Le premier ce soir-là à se lancer est Evens, 12 ans et demi. Les paroles, à son avis, n’engagent pas autant que les actes, car "on peut dire des mauvaises choses sur une personne pour +se la raconter+" pour finalement "décider de ne pas le faire", explique-t-il.

Alors qu’Evens se perd dans "une histoire qui lui vient à la tête", Dalila, 14 ans, répond aussi par la négative, parce que, dit-elle, "c’est plus facile de parler que d’agir". Pour agir, il faut "du courage", souligne-t-elle, l’action vaut plus que les paroles.

"On vous jugera toujours sur ce que vous faites, pas sur ce que vous dites", leur fait remarquer le maître de séance, alternant bon-sens proverbial, références plus savantes, et rappels au droit. Finalement, la discussion glisse sur les "beaux parleurs" et les "bonnes paroles" des hommes politiques "pour être élus".

Etudiant en master de philosophie à La Sorbonne et entraîneur de football jusqu’à cette année, Abderramane a lancé il y a un an l’aventure de "philo-cité" avec des lycéens de Terminale.

"Le concept a plu" et l’expérience a été étendue aux collégiens (de la 5e à la 3e) présentant des difficultés scolaires. "La pratique de la philosophie, comme le soutien scolaire, sont là pour leur apporter des billes, de la méthodologie et une autonomie de la pensée", explique celui qui veut enseigner dans quelques années la philosophie.
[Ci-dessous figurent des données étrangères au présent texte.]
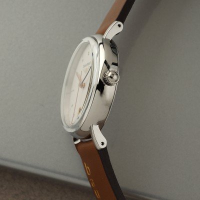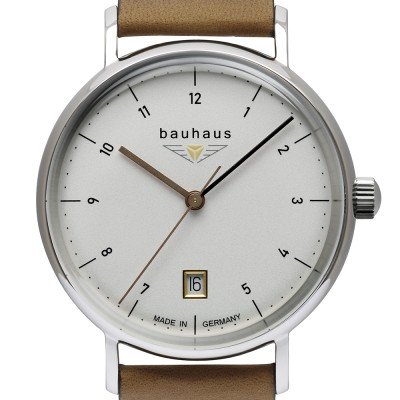Este relógio Bauhaus tem uma caixa de Inox com um diâmetro de 36 mm e está equipado com uma bracelete de couro. A caixa possui um movimento Ronda e o relógio tem um vidro K1 Mineral.
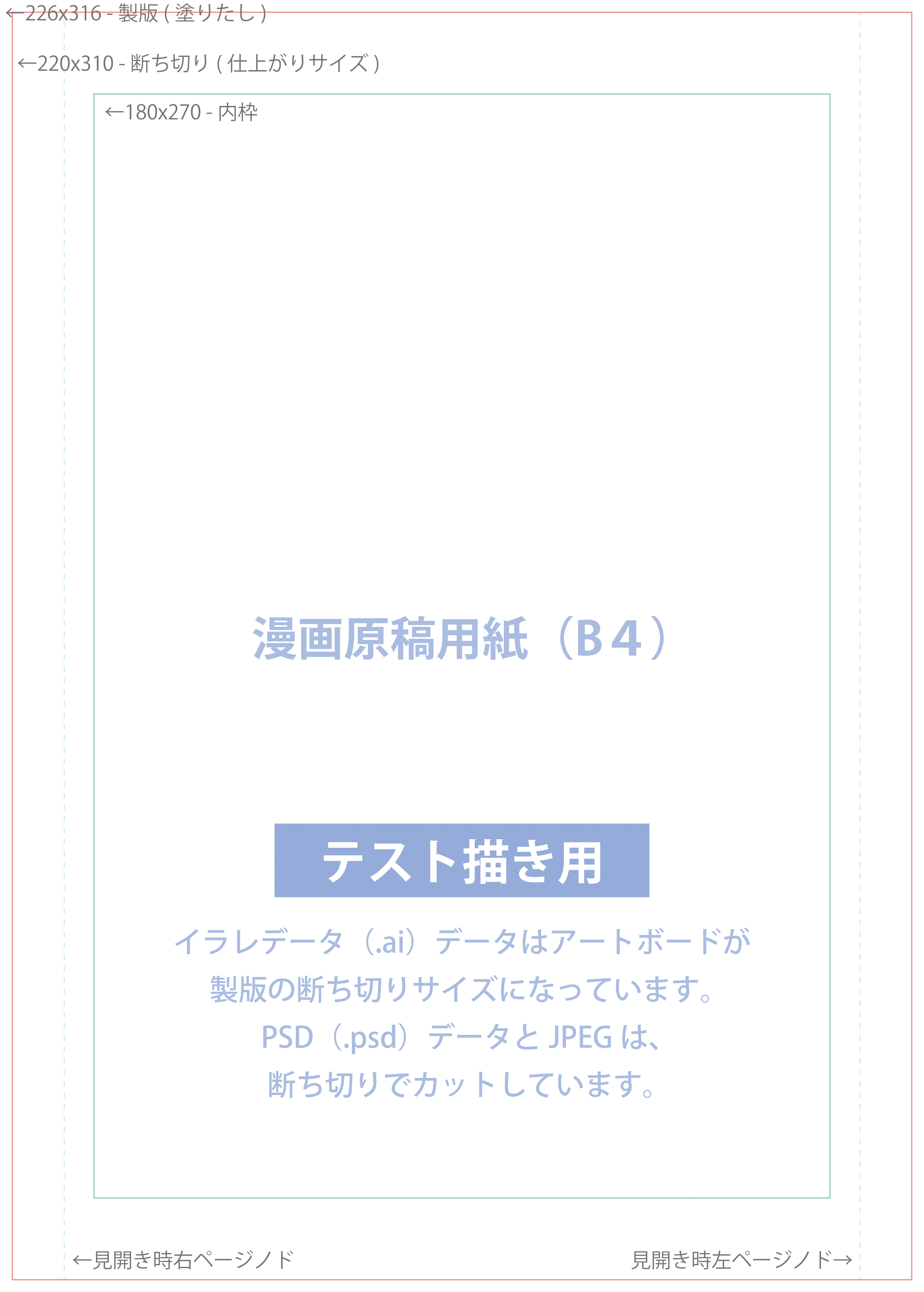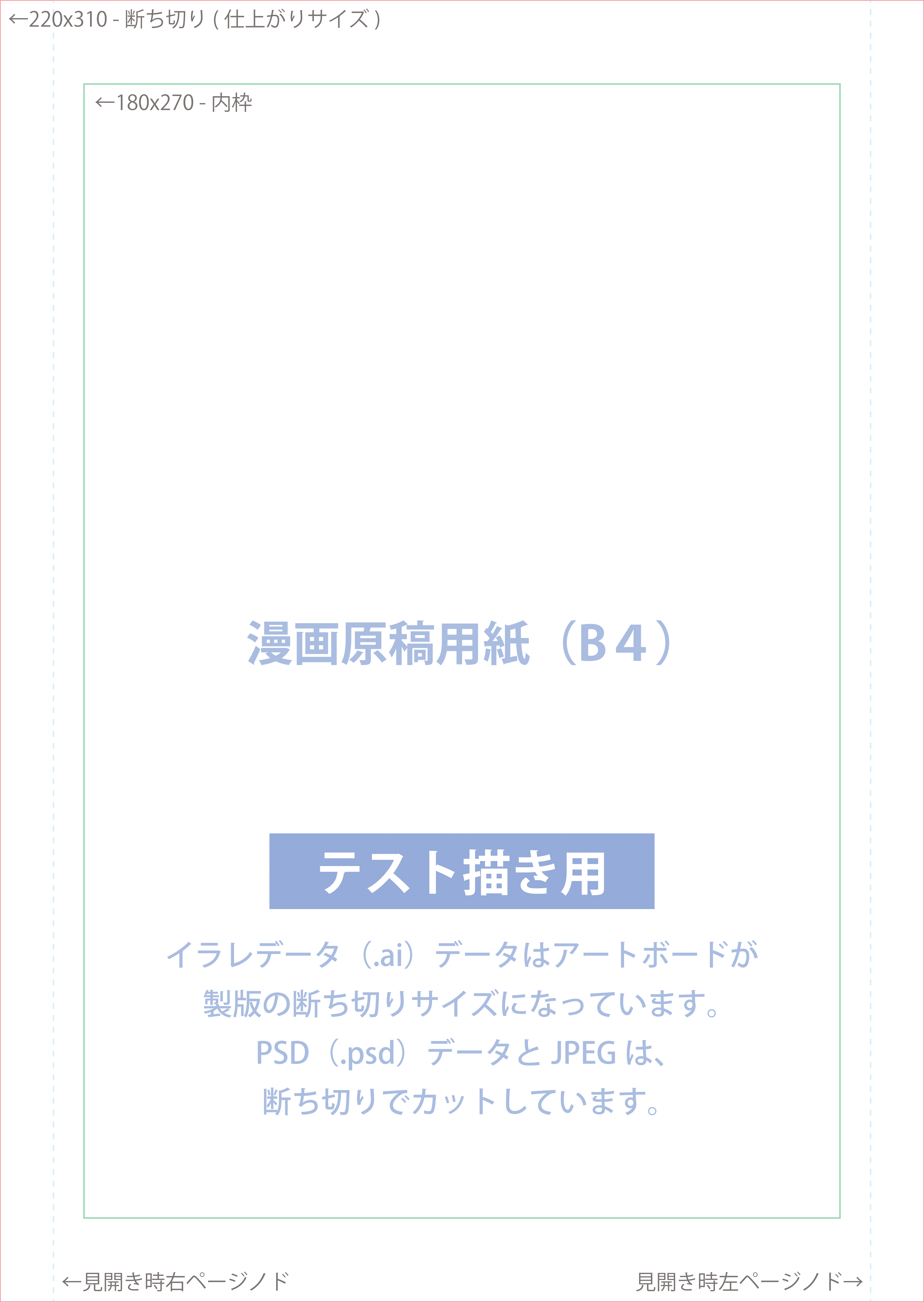 “製版サイズ漫画原稿用紙PSD(600dpi)” をダウンロード comic_b4_cutoff2.psd – 17 回のダウンロード – 34.53 MB “製版サイズ漫画原稿用紙JPEG(600dpi)” をダウンロード comic_b4_cutoff2.jpg – 16 回のダウンロード – 4.70 MB “製版サイズ漫画原稿用紙AI(AdobeIllustrator)(600dpi)” をダウンロード comic_b4_cutoff2.ai – 16 回のダウンロード – 1.88 MB上記のPSD版(comic_b4_cutoff2.psd)は2レイヤー構成でトンボのみのレイヤーも含めました。イラレへ貼り付けるときの目安にもなるかなと。

"En donnant les réponses eux-mêmes, ils constatent qu’ils ont leur mot à dire, ils prennent conscience de leurs qualités", ajoute l’animateur qui souhaite les aider "à s’interroger sur le monde qui les entoure".

S’il apprécie "la maturité" des collégiens de 3e et des lycéens, capables d’échanges plus profonds, Abderramane dit suivre avec attention "l’évolution des petits". Après quelques séances, les cinquième semblent avoir gagné en confiance et disent, à l’unisson, "participer plus en classe". "Ils se révèlent à eux-même", observe Karine, une autre animatrice.